La integración de estos signos favorecedores dentro del mundo cristiano debió de ser sencilla. Cuenta una historia que san Bonifacio (680-754), el evangelizador de Alemania, al observar la devoción que por un árbol determinado tenían los habitantes del norte de Europa, tomó un hacha y lo cortó. Este representaba al Yggdrasil, el gran árbol del universo de la mitología nórdica, en cuya copa moraban los dioses, en el Asgard, al contrario que en sus raíces, donde se encontraba el Helheim o reino de los muertos. San Bonifacio plantó en su lugar un pino, árbol de hoja perenne dotado de los significados que ya hemos comentado, adornándolo con manzanas y velas, que representaban el pecado original y la redención de Cristo, respectivamente.
Sabemos que en pleno Medievo el 24 de diciembre era el día de Adán y Eva, y que las gentes del pueblo, o quizás un grupo de actores o clérigos, representaban la historia del Jardín del Edén que se narra en el Génesis (2, 17-23). Antes de la función, los actores recorrían la ciudad, junto con «Adán», llevando consigo un árbol adornado con manzanas, el Árbol de la Vida. El alzamiento del Árbol del Paraíso en la jornada previa a la Navidad se generalizó rápidamente. Las manzanas que colgaban recordaban el fruto que Eva ofreció a su compañero, según el relato bíblico. Llegada la noche, y tras la celebración de la Misa del Gallo, el árbol del pecado se convertía en árbol de la salvación pues, una vez había comenzado la Navidad, las ramas se iluminaban con velas. Cristo, como nuevo Adán, había inaugurado una nueva humanidad, transformando la muerte en vida y la oscuridad en luz. El árbol se remataba con la estrella de Belén, un signo más de la luz que brilló y condujo en la oscuridad a pastores y Magos hasta el portal de Belén.

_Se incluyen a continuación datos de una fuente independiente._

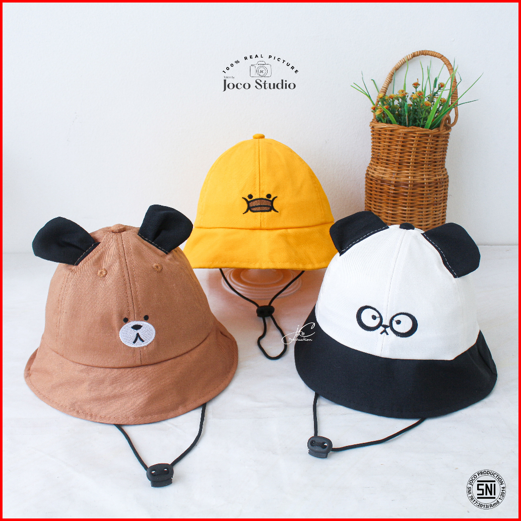 Jocoproduction - Topi Anak Fashion Topi Bucket Hat Batita Premium 2-5 Tahun Bordir Animal

A mediados del siglo VIII se cortó en Alemania el primer abeto al que se denominó «Árbol del niño Jesús» como un elemento más de las celebraciones navideñas. De él se colgaban dulces y manzanas principalmente, siendo la primera noticia escrita del «Árbol de Navidad» del año 1184, en Alsacia. Algunos otros estudiosos dicen que, plenamente definido, con sus frutas y luces de adorno, apareció en esta misma región europea en el siglo XIV y se difundió paulatinamente por Alemania. Las bolas de colores y la colocación del belén a sus pies llegarán siglos después.
Tradicionalmente la estrella que se coloca en los abetos de Navidad, y en los belenes, se representa como un cometa, esto es, como astro con cabeza y cola y no como una sencilla luminaria con cierto número de puntas. El fenómeno celeste constatado que tuvo lugar entre los años 8 y 4 a. C., y que pudo dar lugar a la famosa estrella de Belén, se cree que fue una supernova o una conjunción planetaria pero no un cometa. El que desde la Edad Media se representase de este modo se debió a la acción del gran pintor italiano Giotto di Bondone (1267-1337), que observó el paso del cometa Halley en el año 1301 y lo representó como la estrella de Belén en su obra la Adoración de los Magos de la capilla de la Arena de Padua, realizada entre 1305 y 1306. El poderoso influjo de este autor sobre los pintores posteriores hizo el resto del trabajo.